In this example, modifytime_year, modifytime_month, modifytime_day, modifytime_hour, and modifytime_minute form the partition key, as configured in step 3.

Column	Description
`record_id`	Unique ID of the log entry. Auto-increments for each new entry. For UPDATE operations, DTS generates two entries with the same `record_id`—one for the pre-update values and one for the post-update values.
`operation_flag`	The operation type: `I` (INSERT), `U` (UPDATE), or `D` (DELETE).
`utc_timestamp`	The UTC timestamp of the operation, taken from the binary log.
`before_flag`	`Y` if the row contains pre-update values; `N` otherwise.
`after_flag`	`Y` if the row contains post-update values; `N` otherwise.

How before_flag and after_flag work

The values of before_flag and after_flag depend on the operation type:

INSERT: The row holds the newly inserted values. before_flag = N, after_flag = Y.
UPDATE: DTS generates two log entries with the same record_id, operation_flag, and utc_timestamp. The first entry holds the pre-update values (before_flag = Y, after_flag = N). The second holds the post-update values (before_flag = N, after_flag = Y).
DELETE: The row holds the deleted record values. before_flag = Y, after_flag = N.

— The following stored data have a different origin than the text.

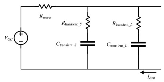Battery models integrated in the wind farm are commonly used for simplified models that only have fixed parameters regardless of the SOC variation. However, in this paper, a high-fidelity battery model with parameters of a battery equivalent circuit based on the SOC was used to accurately examine the performance change of the battery due to the proposed coordinated control. Figure 2 shows the equivalent circuit models that can be used to represent the electrical property of Li-ion batteries and Figure 3 shows the experimental data of an open circuit voltage and line current. These data were extracted from a lithium-ion battery when the battery was discharged by inversely pulsating in 5% increments of SOC.
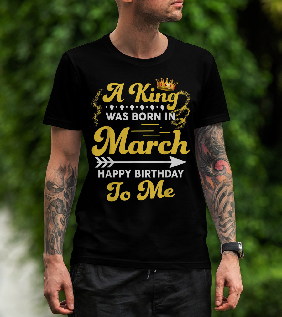 A King Was Born In March Happy Birthday To Me Crown Arrow Elements T-Shirt
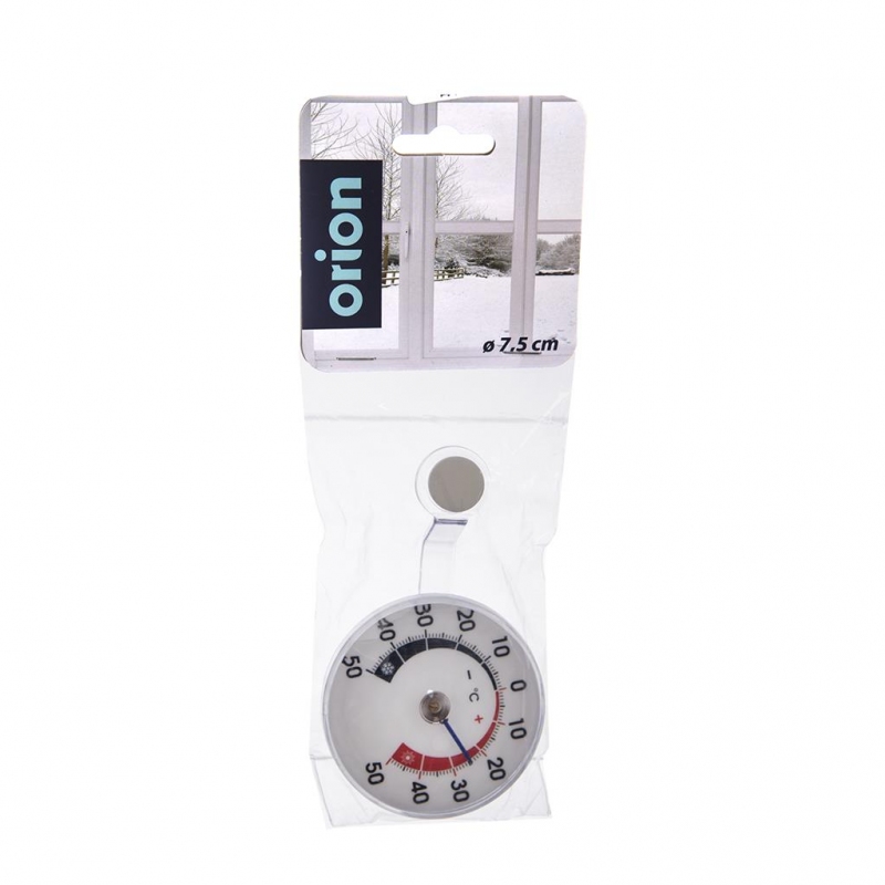 Teploměr venkovní mechanický připevníte pomocí samolepky na okenní tabuli zvenčí, nemusíte vrtat do zdi. Materiál: plast. Stupnice od - 50 °C do 50 °C. Rozměry: pr. 7,5 cm.| Výrobce: | Orion |
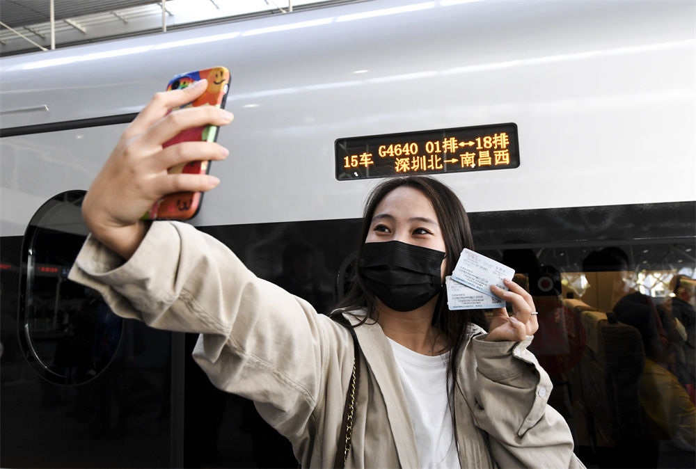 12月10日,乘客准备搭乘赣深高铁深圳北站开往南昌西站的首班列车时,在车厢外自拍留影。新华社记者 毛思倩 摄

Merge the full baseline table and incremental data table

After a synchronization task starts, DTS creates a full baseline table and an incremental data table in MaxCompute. Merge the two tables with SQL to reconstruct the full dataset at any point in time.

The following example merges data for a table named customer.

Create a destination table to store the merged result, using the same schema as the source table. The following example creates a table to hold the customer data at timestamp 1565944878:
```
CREATE TABLE `customer_1565944878` (
    `id` bigint NULL,
    `register_time` datetime NULL,
    `address` string);
```
Use the ad hoc query feature to run SQL statements in MaxCompute. See Use the ad hoc query feature to execute SQL statements. For supported data types, see Data type editions.

Run the following SQL to merge the full baseline table and the incremental data table. Replace the placeholders with your values.

set odps.sql.allow.fullscan=true;
insert overwrite table <result_storage_table>
select <col1>,
       <col2>,
       <colN>
  from(
select row_number() over(partition by t.<primary_key_column>
 order by record_id desc, after_flag desc) as row_number, record_id, operation_flag, after_flag, <col1>, <col2>, <colN>
  from(
select incr.record_id, incr.operation_flag, incr.after_flag, incr.<col1>, incr.<col2>, incr.<colN>
  from <table_log> incr
 where utc_timestamp< <timestamp>
 union all
select 0 as record_id, 'I' as operation_flag, 'Y' as after_flag, base.<col1>, base.<col2>, base.<colN>
  from <table_base> base) t) gt
where row_number=1
  and after_flag='Y'

Replace the following placeholders:

Placeholder	Description
`<result_storage_table>`	The table that stores the merged data
`<col1>`, `<col2>`, `<colN>`	The column names of the table to merge
`<primary_key_column>`	The primary key column of the table to merge
`<table_log>`	The incremental data table name
`<table_base>`	The full baseline table name
`<timestamp>`	The point-in-time timestamp for the merge

The following example retrieves the full customer dataset at timestamp 1565944878:

set odps.sql.allow.fullscan=true;
insert overwrite table customer_1565944878
select id,
       register_time,
       address
  from(
select row_number() over(partition by t.id
 order by record_id desc, after_flag desc) as row_number, record_id, operation_flag, after_flag, id, register_time, address
  from(
select incr.record_id, incr.operation_flag, incr.after_flag, incr.id, incr.register_time, incr.address
  from customer_log incr
 where utc_timestamp< 1565944878
 union all
select 0 as record_id, 'I' as operation_flag, 'Y' as after_flag, base.id, base.register_time, base.address
  from customer_base base) t) gt
 where gt.row_number= 1
   and gt.after_flag= 'Y';

Query the merged data from customer_1565944878.